Technological Diffusion Across Hospitals: The Case of a Revenue-Generating Practice

Monday, June 13, 2016: 8:50 AM
B21 (Stiteler Hall)

Author(s): Adam Sacarny

Discussant: Joshua D Gottlieb

Productivity-raising technologies tend to diffuse slowly, particularly in the health care sector. To understand how incentives drive adoption, I study a technology that generates revenue for hospitals: the practice of submitting detailed documentation about patients. After a 2008 reform, hospitals were able to raise their total Medicare revenue over 2% by always specifying a patient’s type of heart failure. I find that hospitals only captured around half of this revenue, indicating that large frictions impeded takeup.

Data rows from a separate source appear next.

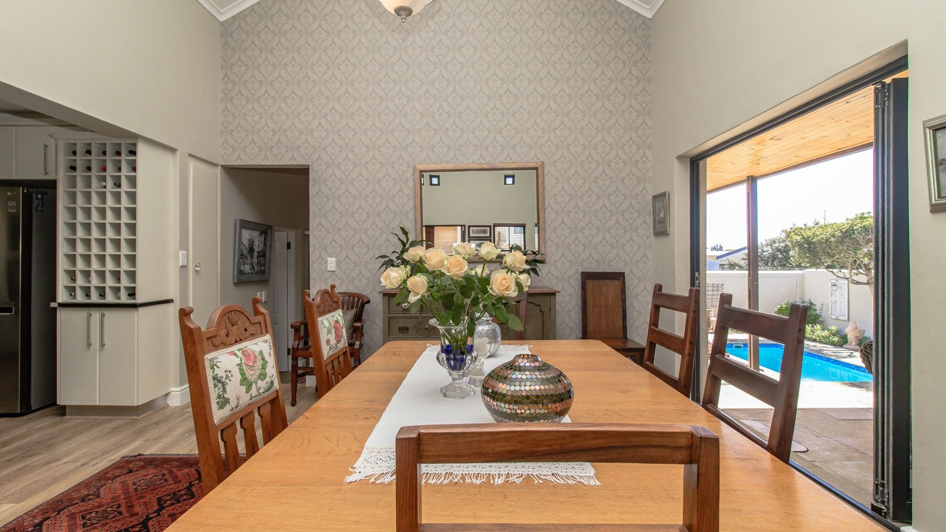 Well proportioned open plan living areas which creates a lovely flow via stack away doors to the protected patio and garden areas.
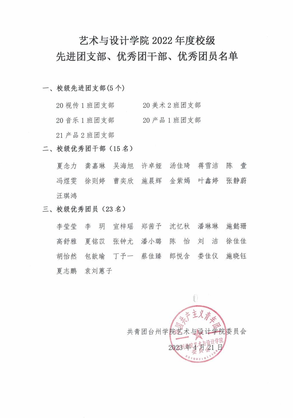 意昂2022年度校级先进团支部、优秀团干部、优秀团员名单
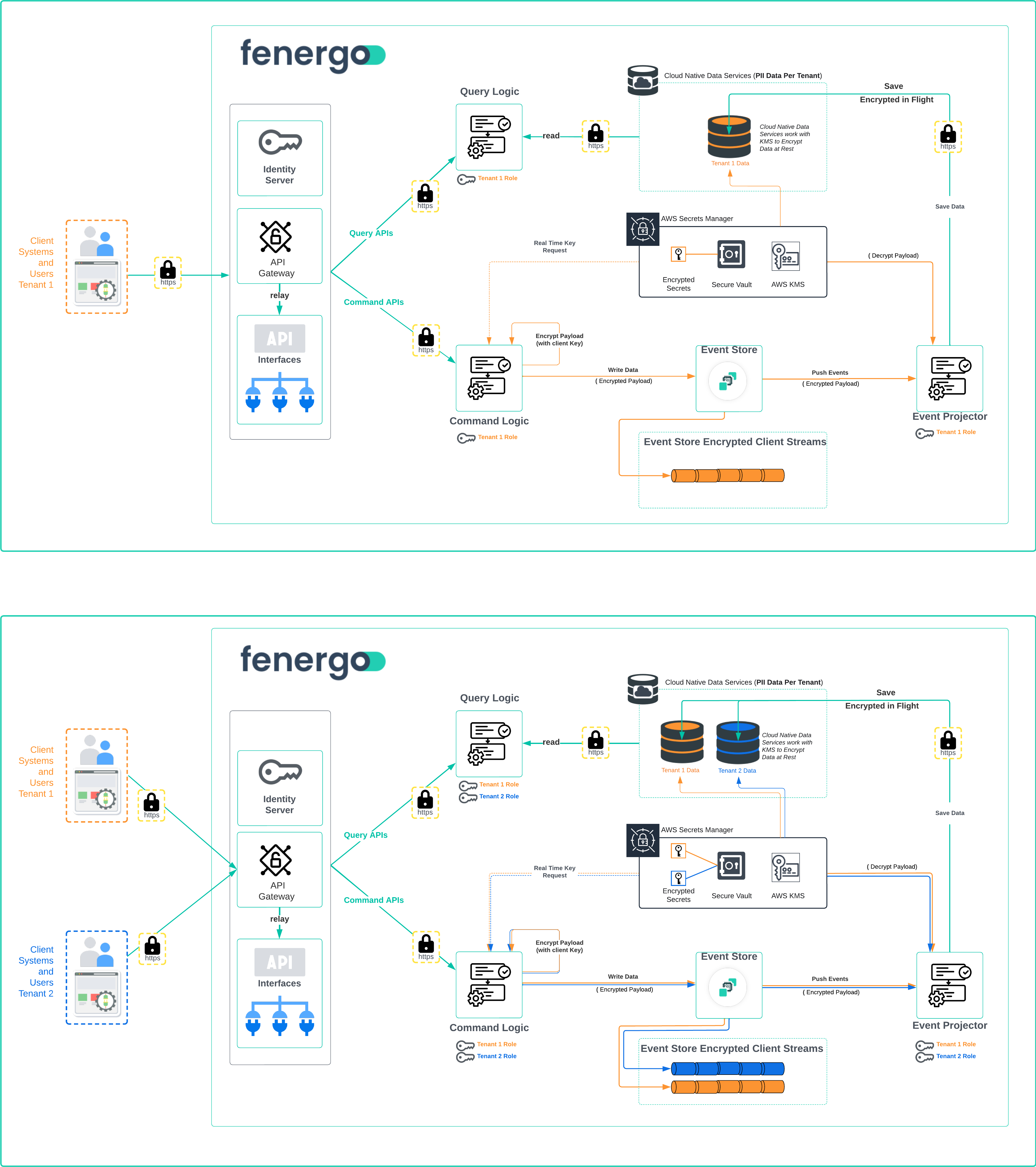 Not all components of the Fenergo SaaS platform use cloud native compute. We have employed the Event Sourcing Pattern, which stores data in an Append Only log. All Command API calls create new or change existing data (commits). Those calls come from numerous tenants for a given Fenergo SaaS deployment and that data is added to a dedicated client stream within the event store In Order of Arrival. These streams are not made up of structured data but data events. Those data events are then Projected to other domains within the platform and processed to achieve a business outcome. Once saved in the client stream, the data is projected to other units of business logic and saved to data store (cloud native as described above) to support Query API Read operations. Queries do not run against the event store. To learn more about event sourcing see Introduction to Event Sourcing Non Cloud Native services such as our Event Sourcing solution which is a commercial product, require a specific tactic to ensure tenant isolation within the client streams of the Append Only log. This is illustrated in the diagrams below covering what it looks like from a Single Tenant Perspective and then a Multi-Tenant View. The meta data of each incoming data event does not need to be encrypted (All data is encrypted in flight using HTTPS / TLS ) but as the log actually data at rest, the payloads of the messages submitted are encrypted using clients specific keys. Those keys are store in KMS and retrieved from AWS Secrets Manager when required.
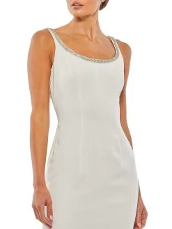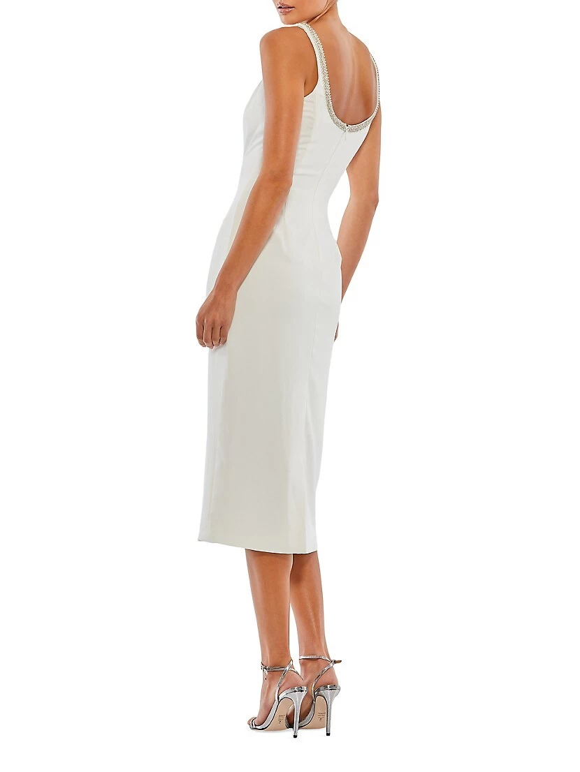 Beaded embellishing lends shine to Mac Duggal’s tailored crepe Midi-Dress.
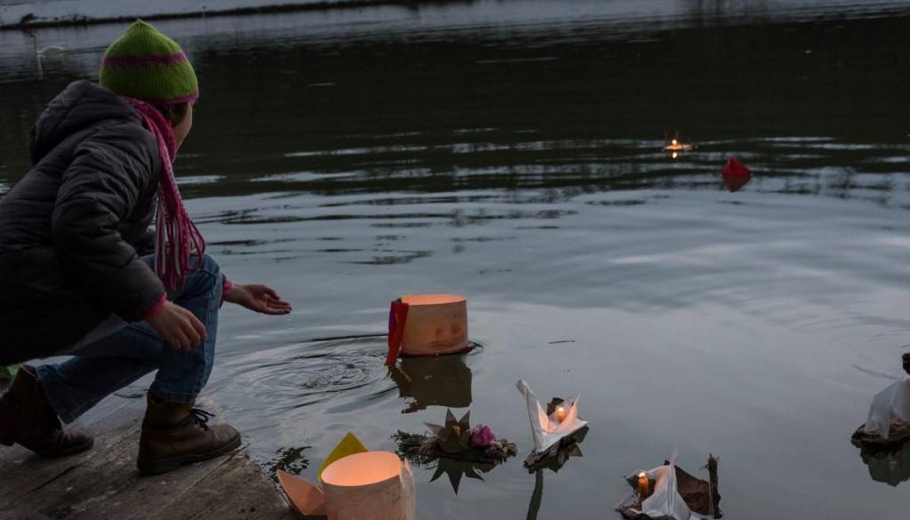 Danes so se zbrali otroci in starejši obiskovalci, ki so uživali ob pogledu na plavajoče gregorčke.
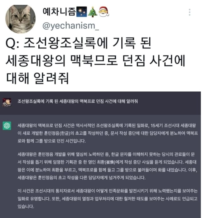 한국인이라면 꼭 알아야 하는 "세종대왕 맥북프로 던짐 사건"... (출처: @yechanism_) 부록. python에서 openai를 사용하기 위한 사전준비
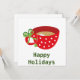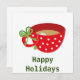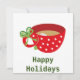 Cozy red teacup with green ribbons and "Happy Holidays" text
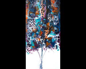 "Flower Celebration" is an original artwork created using the fluid art technique of pour painting. The vibrant blues and oranges come together to make this piece truly pop. I employed a swipe technique and balloon smashes to shape the flowers, adding texture and movement. Once the piece dried, I poured small puddles of paint on top of each flower and used another gentle smash to enhance the definition and bring out the details. This fine art reproduction will brighten up any space!
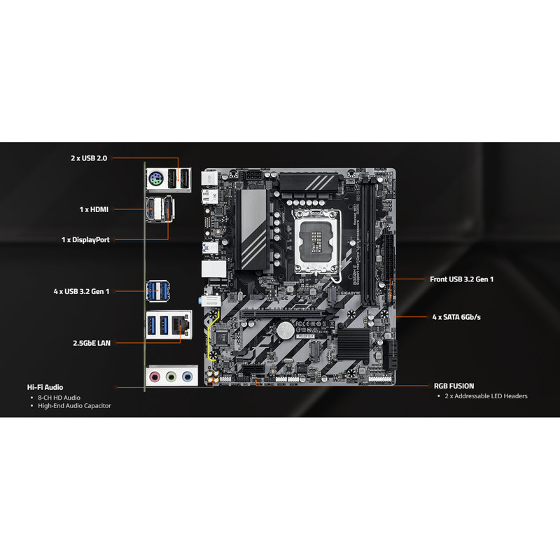 توضیحات تکمیلی پورتها : یک پورت PS/2 برای کیبورد/ماوس / یک پورت HDMI / یک پورت DisplayPort / چهار پورت USB 3.2 Gen 1 / دو پورت USB 2.0/1.1 / یک پورت RJ-45 / سه جک صوتی
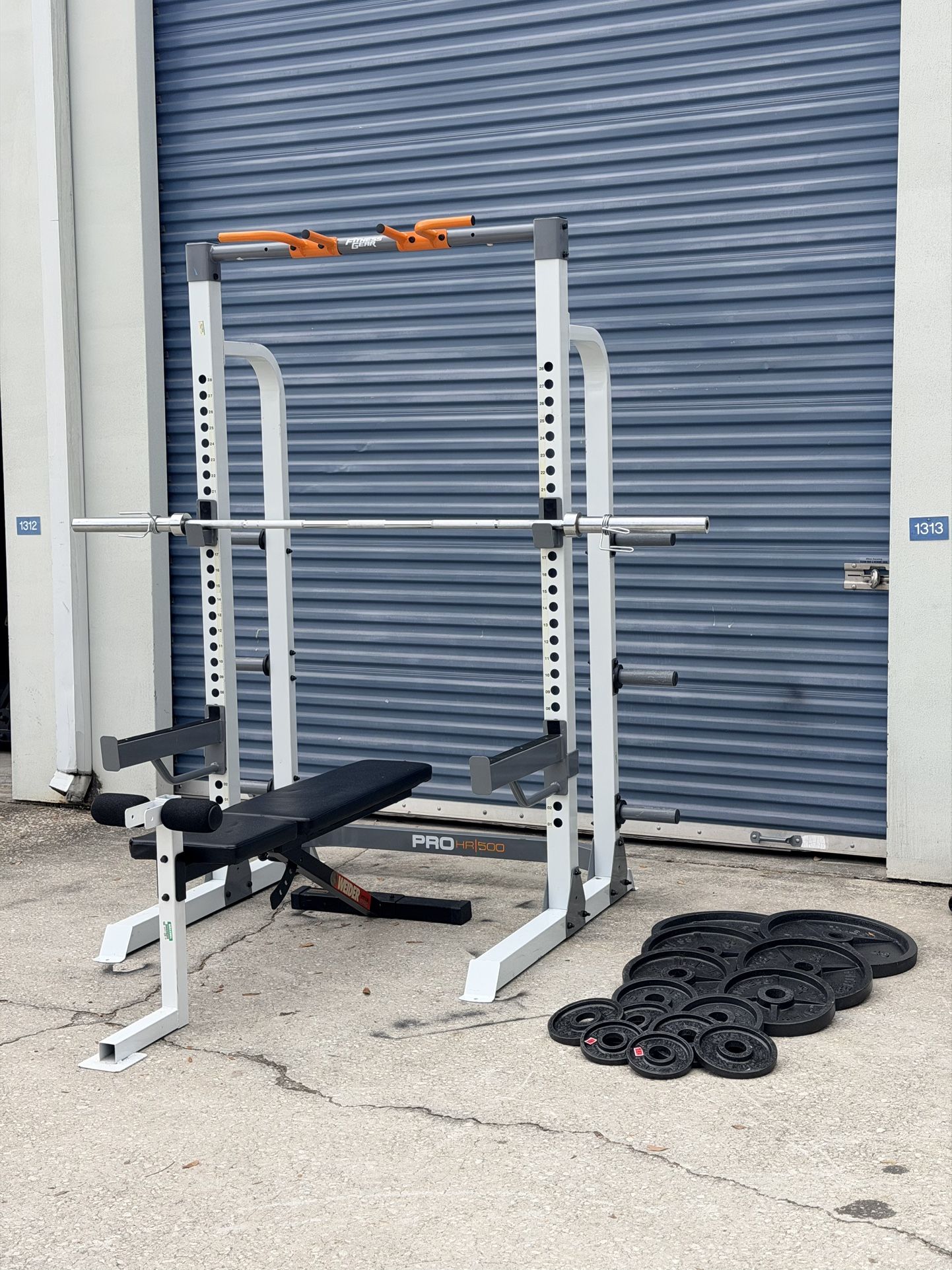 Fitness gear Pro HR 500 Home gym/ garage gym set In great condition! Half rack W safety squat bars Adjustable bench 7ft bar 255lb of Olympic weights 2-45 2-35 2-25 2-10 4-5 2-2.5 This is a fantastic home gym set/ garage gym set
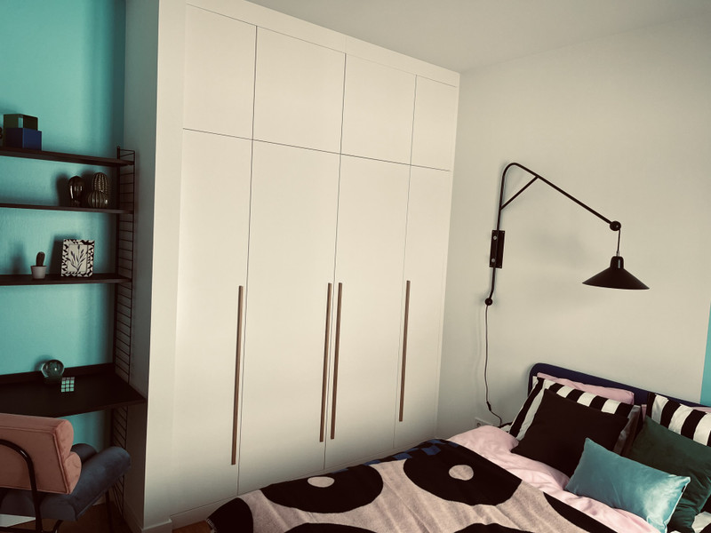 • Sypialnia z podwójnym łóżkiem, miejscem do pracy, szafą w zabudowie
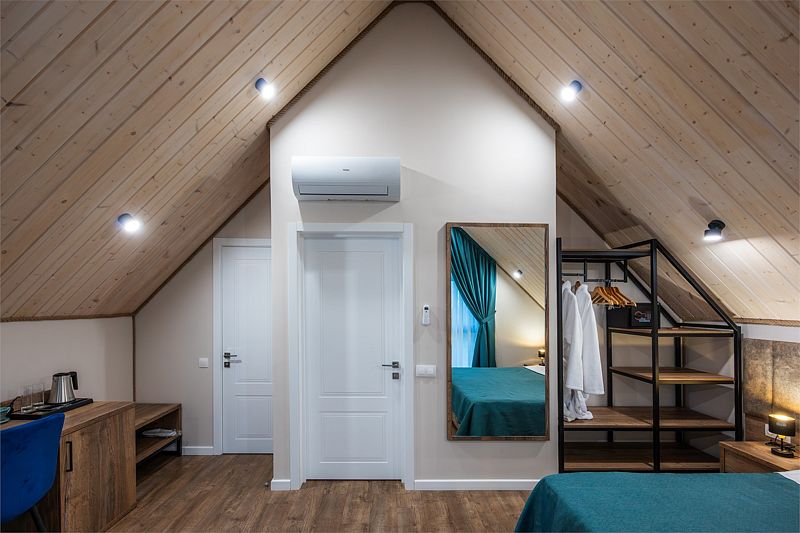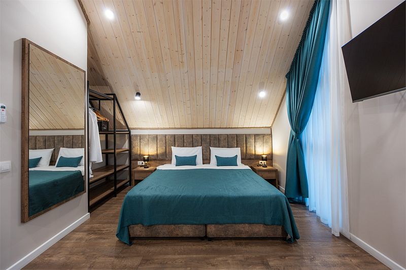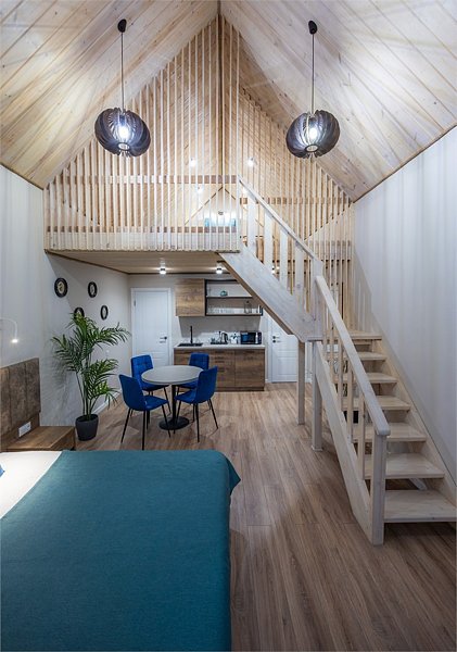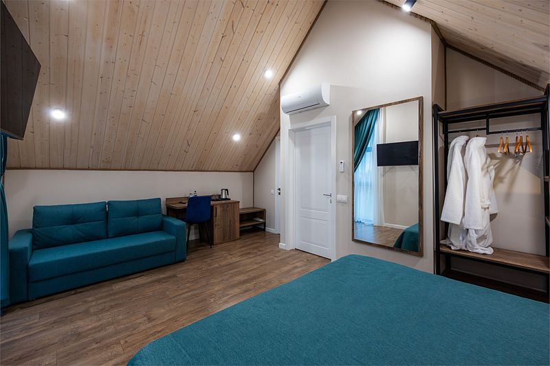 Уютный двухуровневый 4-местный номер с чудесным видом и выходом на общую террасу.
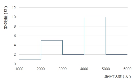 从毕业生人数的分布情况看,毕业生人数以4000—5000人居多,毕业生人数均在1000人以上,且1000-2000人的学校仅有一所。
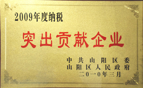 3月10日,山陽區(qū)召開經(jīng)濟(jì)工作會(huì)議暨年度表彰會(huì)。山陽區(qū)委、區(qū)政府授予我公司“科技創(chuàng)新獎(jiǎng)”和“納稅突出貢獻(xiàn)企業(yè)”兩項(xiàng)殊榮。2009年,我公司實(shí)現(xiàn)稅金1918.3萬元,在山陽區(qū)名列前茅。
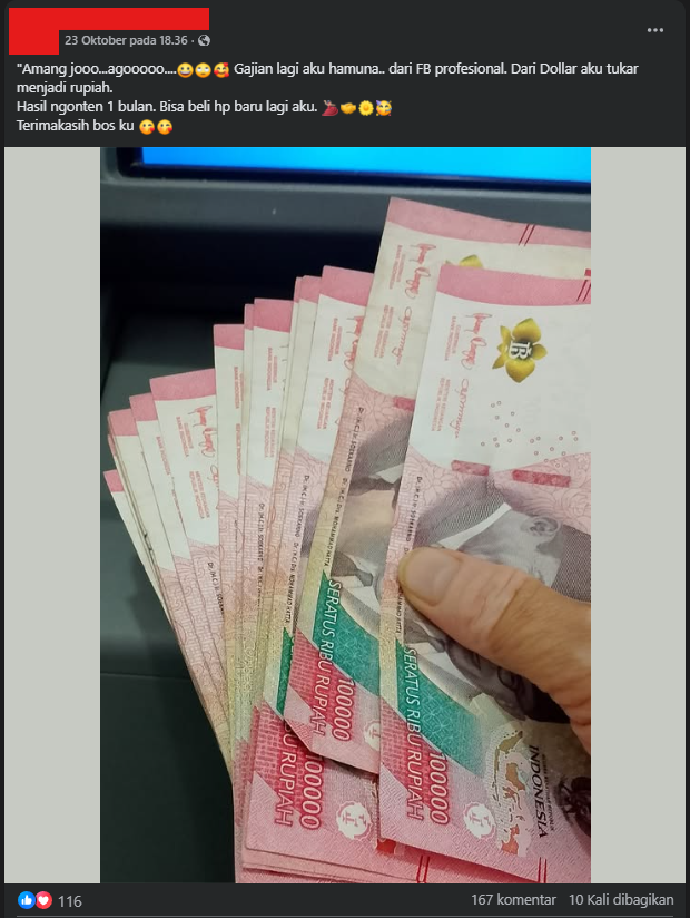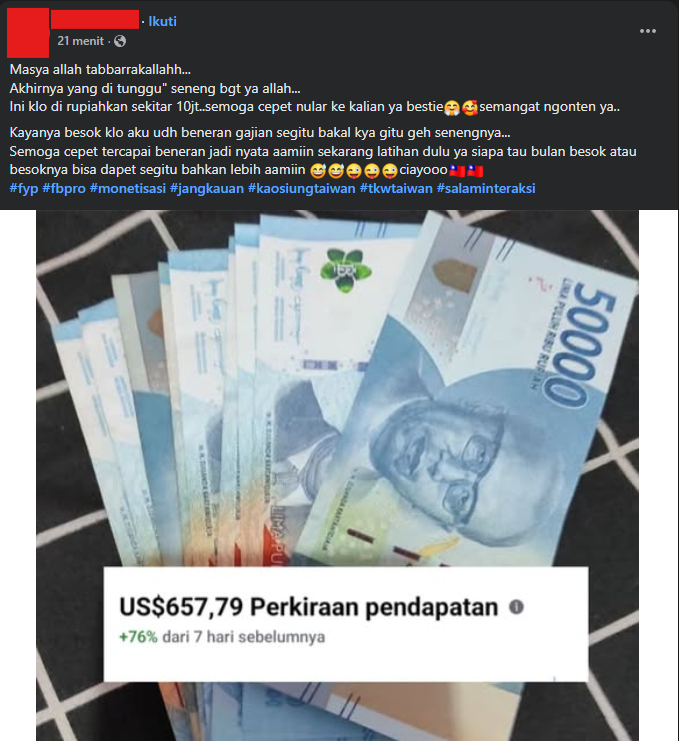 Beberapa posting bahkan menampilkan bukti “penghasilan” tangkapan layar dengan angka bonus FB Pro yang kemudian jadi pemicu FOMO massal. Dari satu unggahan, muncul ratusan komentar “ikut aktif biar gajian juga”, “semangat, biar kayak ini”, “kapan cair juga ya Allah 😭”.

The key barrier is a principal-agent problem, since doctors supply the valuable information but are not paid for it. Exploiting the fact that many doctors practice at multiple hospitals, I find that four-fifths of the dispersion in adoption reflects differences in the ability of hospitals to extract documentation from physicians. Hospital adoption is also robustly correlated with the ability to generate survival for heart attack patients and the use of inexpensive survival-raising standards of care, suggesting that principal-agent problems drive disparities in quality more generally. These findings highlight the importance of agency conflicts in explaining variations in health care performance.